Induction of histone H3 and H4 acetylation. HL60 cells were treated with (A) vorinostat (Vor) at increasing concentrations or (B) VPA. The effect on the sequence of IDA with vorinostat using concentrations of 1 μM of vorinostat and IDA at 1.5 nM administered concomitantly, or with IDA preceding vorinostat (IDA, A; vorinostat, A-B) or the reverse (IDA, B; vorinostat, A), were studied (C).

Figure 6.

H2AX phosphorylation. HL60 cells (A) and MOLT 4 cells (B) were treated for 8 hours with vorinostat (Vor) 2.5 μM or IDA 20 nM or the combination. H2AX phosphorylation was analyzed using immunohistochemistry in paraffin-embedded cell suspensions.

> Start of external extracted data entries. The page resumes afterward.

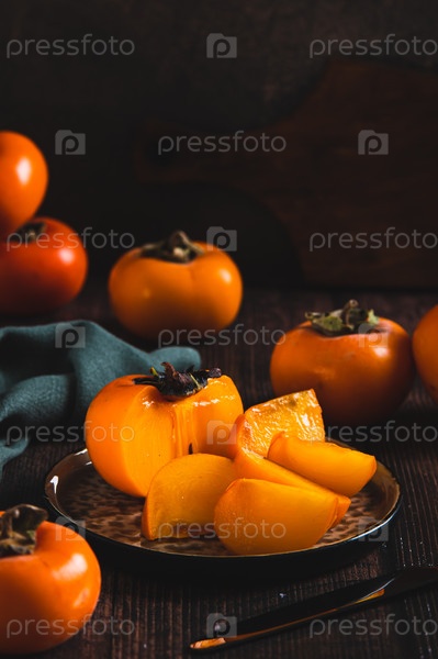 Свежий спелый нарезанный персимон на тарелке на столе вертикальный вид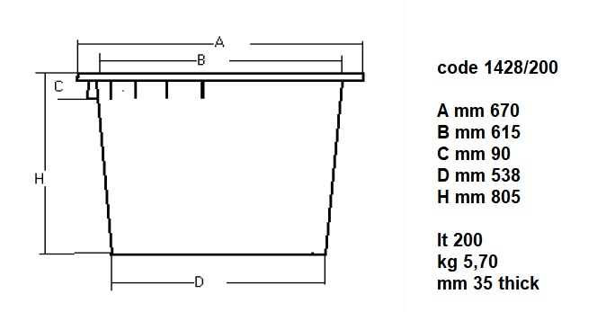 Der Abfallbehälter 200L hat ein Fassungsvermögen von 200 Litern.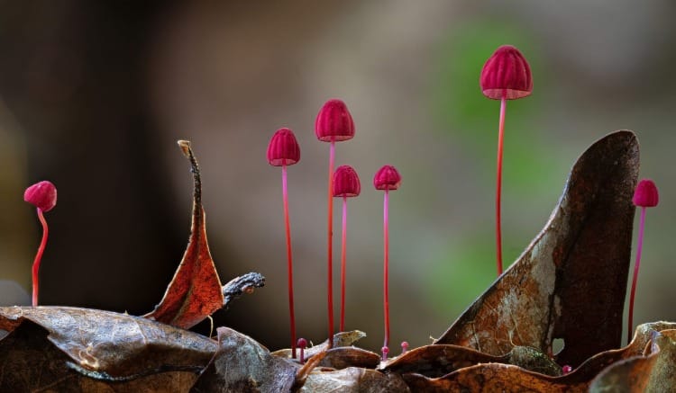As he began restoration work on the 7 1/2-acre property that had previously been converted from rainforest into dairy land, he found himself intrigued by the fungi he found growing in the soil as he planted native trees. Fungi (which are more like animals than plants, but is neither), caught his attention and camera lens with its strange and varied beauty.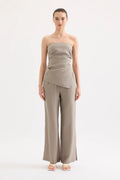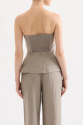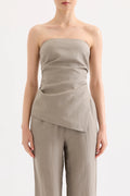 The Juno Bodice is made from a lightweight viscose linen blend fabric which has a soft hand feel and a subtle texture. The silhouette is a strapless fitted bodice with length finishing below the hip.. Features include shirring at the back, invisible zipper, gathers through waist, side split and asymmetrical hem.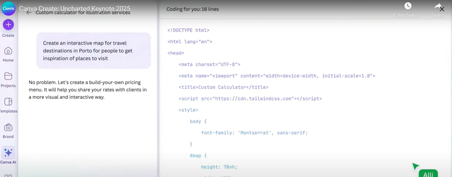 Deze optie vind je dan binnen de zoekbalk onder Canva AI en daar klik je op ‘Code for me’. Hier start je met het omschrijven van wat je precies wil bouwen. Dit kan alles zijn, denk bijvoorbeeld aan een quiz, een spelletje of een interactieve rekenmachine. Canva codeert dit vervolgens voor jou. Dit zorgt ervoor dat je niks meer over HTML’s of CSS’s hoeft te weten 😉.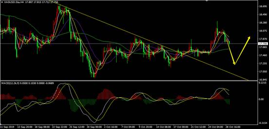 从白银4小时图来看,白银现在则是要大回踩一次前方被突破的趋势线,小级别上也将走了个下跌趋势,好的是四小时级别的支撑还在,比黄金略强。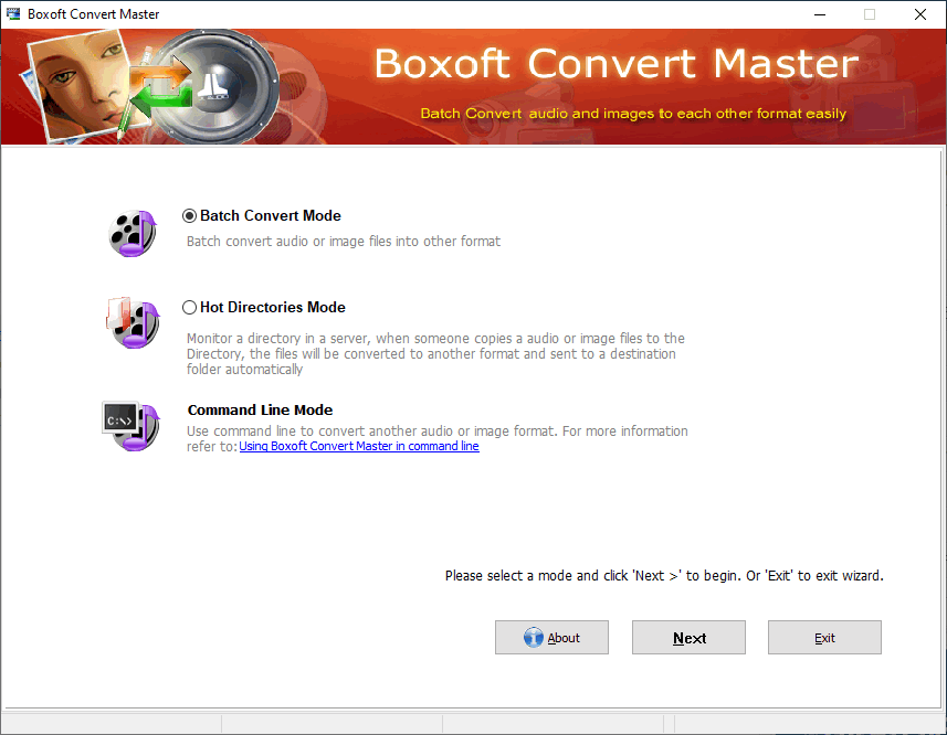 Boxoft Converter Master是一款功能强大的文件转换器,该软件包含了三个文件转换功能,分别是音频格式转换,图片格式转换和CD翻录;这款软件拥有简洁直观的用户界面,并且为用户提供了多种文件转换模式,用户可以使用一般的模式进行文件转换,这种模式对新手比较友好;而对于专业的用户则可以使用热目录和命令行来进行文件转换,这两种模式会比较高效;Boxoft Converter Master可以满足一般用户对音频,图片的转换需求,还提供了CD翻录功能,让用户可以在一个软件上完成多种文件的转换工作。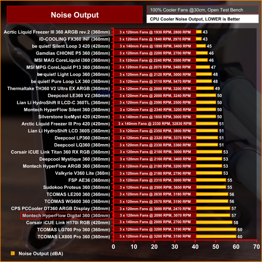 The 360mm HyperFlow Digital is exceptionally loud at maximum fan speed, producing a recorded peak noise level of 57 dBA. This places it near the bottom of our charts and makes it quite distracting to use at full speed. To achieve a more comfortable balance between noise and cooling performance, users will need to fine-tune the fan curve.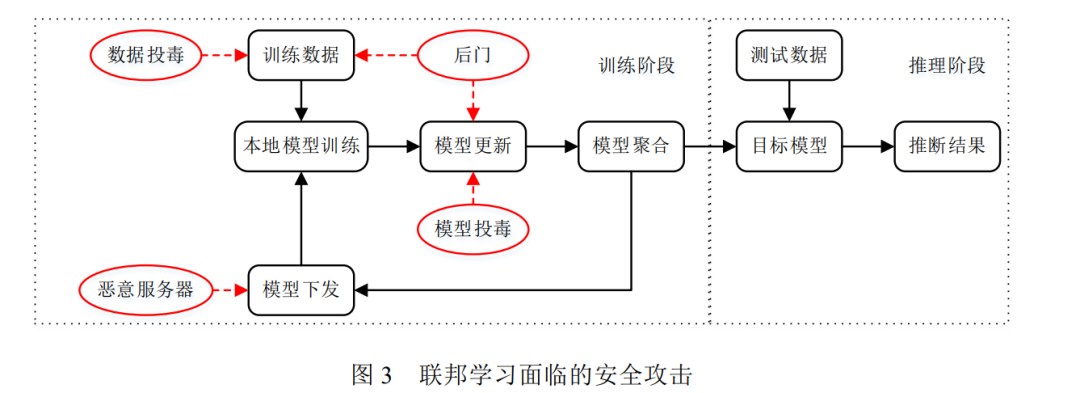 在集中学习的发展过程中,许多学者对其安全性进行深入研究,发现其中存在的安全威胁,如训练阶段的投 毒攻击(poisoning attack) [19]和推理阶段的对抗样本攻击(adversarial examples attack)等[20].联邦学习的推理阶段 与集中学习一致,因此也会面临对抗样本攻击.而在训练阶段,联邦学习采用分布式计算的方法,为整个系统的 安全性研究引入了新的问题与挑战.本文主要总结面向联邦学习的安全威胁与防护方法,与集中学习相关的安 全研究不在本文的讨论范围内.
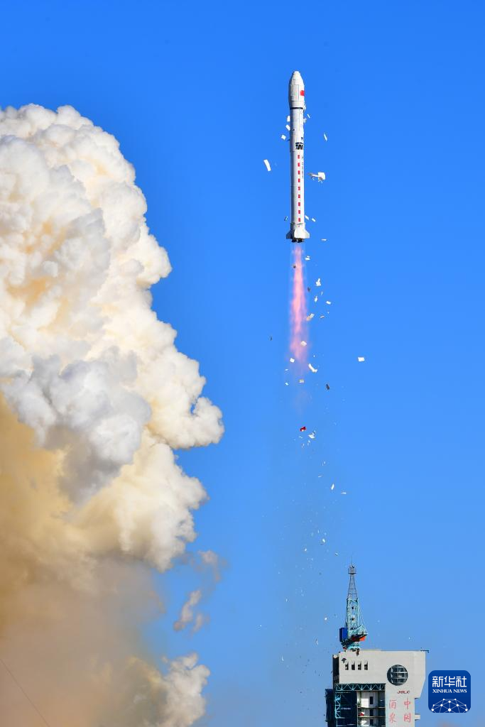 12月12日15时17分,我国在酒泉卫星发射中心使用长征二号丁运载火箭/远征三号上面级,成功将高速激光钻石星座试验系统发射升空,5颗卫星顺利进入预定轨道,发射任务获得圆满成功。新华社发(汪江波摄)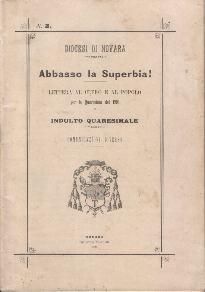 Abbasso la Superbia! Lettera al Clero e al Popolo per la Quaresima del 1903. Indulto Quaresimale. Comunicazioni diverse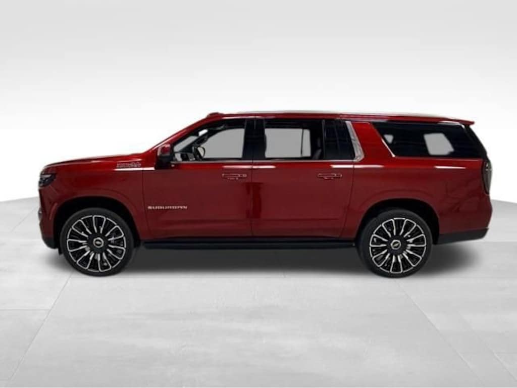 The exterior of this Suburban is dressed to impress in the striking Radiant Red Tintcoat color, complemented by the stunning 24 Bright Machined and Painted High Gloss Black wheels. The High Country Deluxe package adds premium features like the panoramic sunroof, power-retractable assist steps, and the advanced air ride suspension system.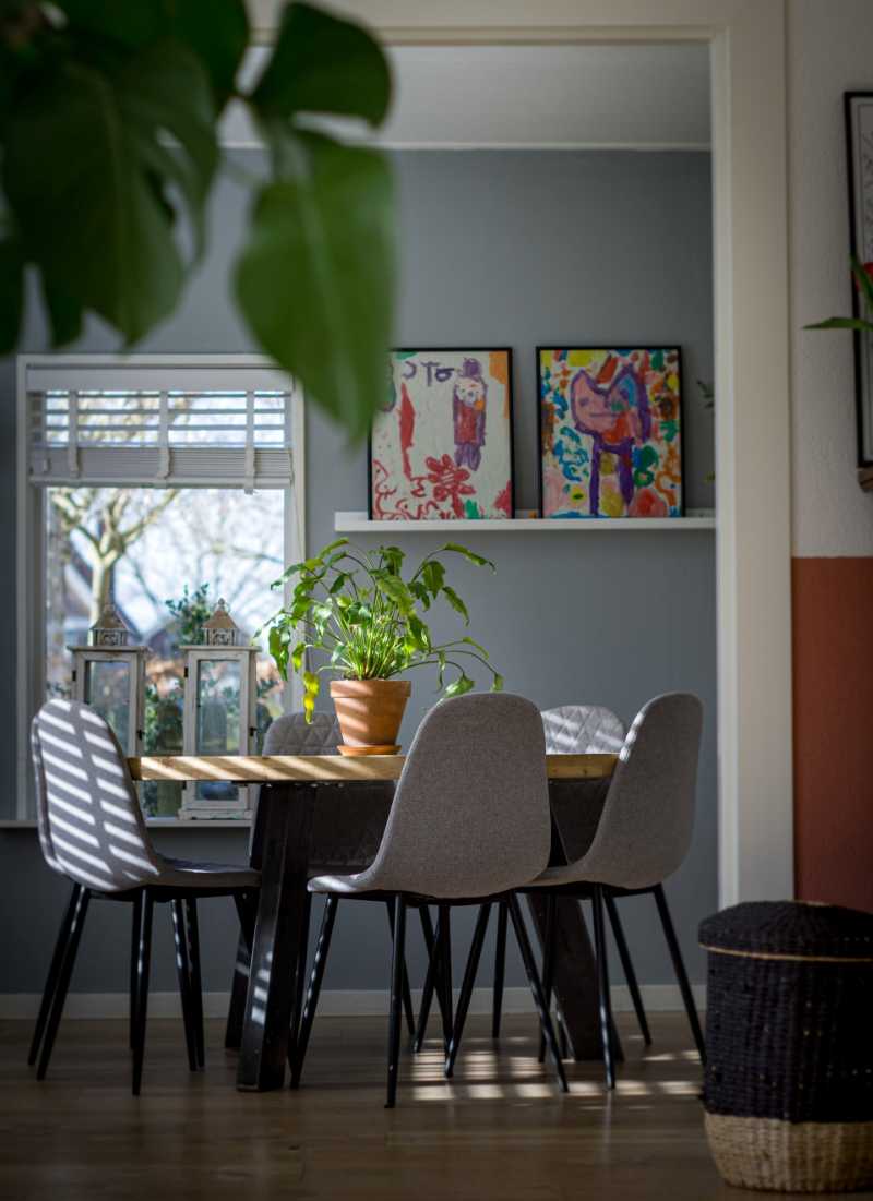 Eine weitere Möglichkeit, um ohne zu bohren mit Bildern das Raumdesign aufzupeppen, ist das Aufstellen der Kunstwerke. Insbesondere größere Exemplare eignen sich hervorragend dazu, sie lässig an die Wand zu lehnen. Das wirkt cool und ungezwungen.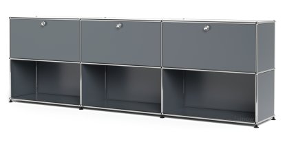 Meuble mixte Sideboard XL USM Haller, personnalisable, Gris moyen RAL 7005, Avec 3 portes abattantes, Ouvert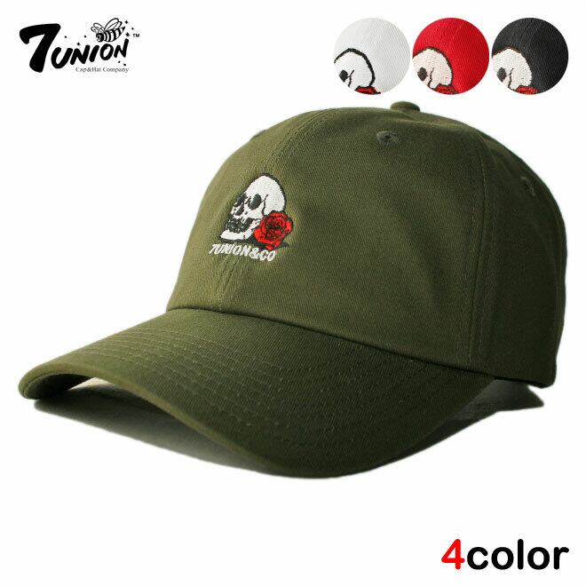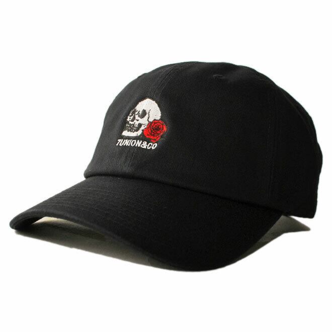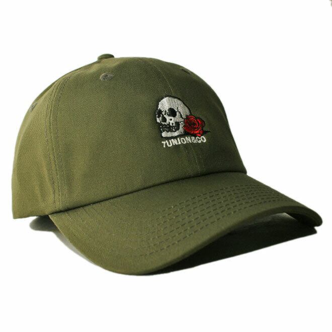フロントにスカルとバラを刺繍したロープロファイルキャップ。

Numbers at the top of each image represent the percentage of cells staining for γH2AX. Images were acquired using a Zeiss Axiovert S100 inverted microscope equipped with a 40×/0.65 objective lens (Zeiss, Thornwood, NY) and a Hamamatsu cooled CCD camera (Hamamatsu, Hamamatsu City, Japan) and were digitally stored with WebSlide Browser (Bacus Laboratory, Lombard, IL). Images were obtained using 100× magnification.

Figure 7.

DNA topoisomerase IIα gene expression and p21CIP1. The effect in HL60 cells of treatment for 3 days with vorinostat (Vor; 0.075-1 μM), VPA (0.25-3 mM), or IDA (1.5 nM) or the combination on p21CIP1 or DNA topoisomerase IIα mRNA expression was determined using real-time PCR assay. Numbers on the y-axis represent relative expression of delta CT. (A) p21CIP1. (B) DNA topoisomerase IIα. Error bars indicate standard deviation.